Among the three Britons were Roger Short, the 58- year-old consul-general and a father of three, and his personal assistant Lisa Hallworth, 38. Hallworth’s mother Sylvia said she had been advised it was not safe to travel to Turkey where she wants to recover Lisa’s body.
The 27-year-old fiancée of Graeme Carter, a British tourist, is brain dead and will not recover, doctors at Istanbul’s Taksim hospital said last night. The couple were both pulled alive from the consulate ruins.
At first Carter thought Hulya Donmez had been blown to pieces. Then he was told she had survived. Yesterday doctors said she was still on a life-support machine but they had no hope of her surviving.
Security officials now believe the attack was carried out by local Islamists under the control of Al-Qaeda trainers. Turkish police were yesterday interviewing several people about their links to the suicide bombers.
The Turkish prime minister Tayyip Erdogan said the four bombers who carried out last week’s attacks were all Turkish citizens. He said it was a matter of “shame” for Turkey that its own citizens had murdered so many.
As security was tightened at British embassies across the world, a senior committee of MPs and peers was preparing to attack the government’s plans to protect Britain from terrorist attack. In a report to be published on Friday, the committee will say that the proposed Civil Contingencies Bill has “potentially dangerous flaws”. MPs on the committee say the bill is “too little, too late”.

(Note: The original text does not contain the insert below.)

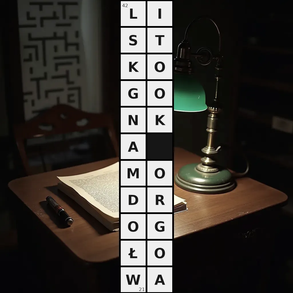 Zawiera litery: A, A, D, G, G, I, K, K, L, M, N, O, O, O, O, O, R, S, T, W, Ł

The committee’s chairman, the former Labour defence minister Dr Lewis Moonie, will criticise the bill for failing to provide any new money to pay for counter-terrorist and emergency planning. Also, the committee believes that absence of information about the new emergency powers ministers will get after a terrorist attack makes it “impossible for local authorities and other bodies to estimate the cost of the responsibilities they would expect to undertake”.
One of the most serious flaws, it says, is the absence of any new funds to help local authorities prepare to cope with an attack in which hundreds or even thousands of people could be killed.
It says the Cabinet Office is providing just £19m for emergency planning which, from next year, can be plundered by councils to pay for other services. The committee believes this money should be at least doubled and that it should continue to be “ring-fenced” so that councils cannot raid it.
Under the plans, ministers will have powers to cordon off and forcibly evacuate large areas. They will also be able to close down the internet and telephone systems.